Постепенно привыкаешь, под конец мне это даже нравится. Она ведь хочет, чтобы мы поняли, но немного боится, не улавливая, почему мы никак не можем понять! отчего медлим! Тогда возникают невинность и робость; вопрос: можно ли продолжать, приблизительно так.
Вероятно, поэтому. Так пишут только те, кто еще не до конца решился или пребывает в безграничном отчаянии. О шести тысячах женщин, запертых в больнице Сальпетриер, толком никто ничего не знает, но ведь они там были, непосредственно рядом с нею. Я скоро начну: это отзвук детского страха, радостный, но с оттенком отчаяния, мне он знаком.
Нетрудно понять, что пальцы и руки Бланш пострадали от радиевого излучения.
Но ступни? А позже и ноги целиком?
Возможно, причина кроется в чем-то другом. У Бланш часто повторяется: было и кое-что другое.
Сперва, стало быть, Бланш. Затем Джейн Авриль, которую на самом деле звали Жанна Луиза Бодон.
Она играет очень скромную роль в истории Бланш, Мари и профессора Шарко, но однажды июньским вечером (год в «Книге» не приводится; можно, однако, предположить, что году в 1906-м) она, безо всякого предупреждения, навещает Бланш. Это — первый из двух ее визитов.

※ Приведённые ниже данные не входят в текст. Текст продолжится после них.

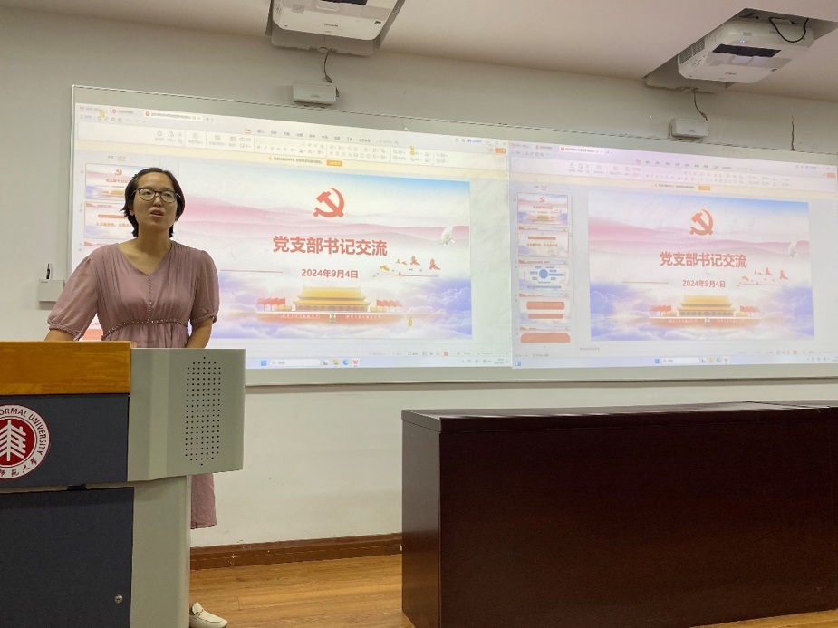 随后,学院专职组织员曹美萍向与会师生梳理了支部党建工作注意事项及本学期支部需加强的重点工作,谈到支部书记的领头雁作用,希望和支部书记一道,在学院接下来的党建工作中,提前组织策划,合理安排,做好党员的教育、管理及服务工作,协助学院党委做好迎接巡查、党委换届等一系列工作。

Второй был нанесен за месяц до смерти Бланш. Мари, Бланш и Джейн, втроем, сидят на террасе. Деревья. Листва.
Это — наиприятнейшая встреча, совсем непохожая на первую, она-то и является исходной точкой, или той точкой, с которой можно начинать повествование.
Всегда хочется надеяться, что в каждой человеческой жизни существует подобная точка. Вероятно, поэтому мы и продолжаем жить.
Первая встреча происходит посреди серии ампутаций — Бланш уже лишилась руки и стопы, но еще может вполне сносно передвигаться на костылях; Джейн равнодушна и любезна. В «Книге» есть вопрос: Чем вызван визит Джейн и кто рассказал ей о моем положении?
Джейн принесла с собой свежий хлеб, который, как она уверяла, испечен с изюмом, абиссинскими орехами (?) и приправлен розмарином, и сказала, что хочет в знак дружбы разделить этот хлеб с Бланш, выпить с ней бокал вина и вспомнить прошлое.
Джейн осматривалась в комнате, словно только теперь понимая, где находится. Она обратила внимание на рабочие инструменты Мари — стеклянные реторты и колбы, — подошла к ее столу и склонилась над записями химических формул, сухо констатировав, что за это и получают Нобелевские премии.
— У тебя высокопоставленные друзья, — сказала она. — Ты многого достигла.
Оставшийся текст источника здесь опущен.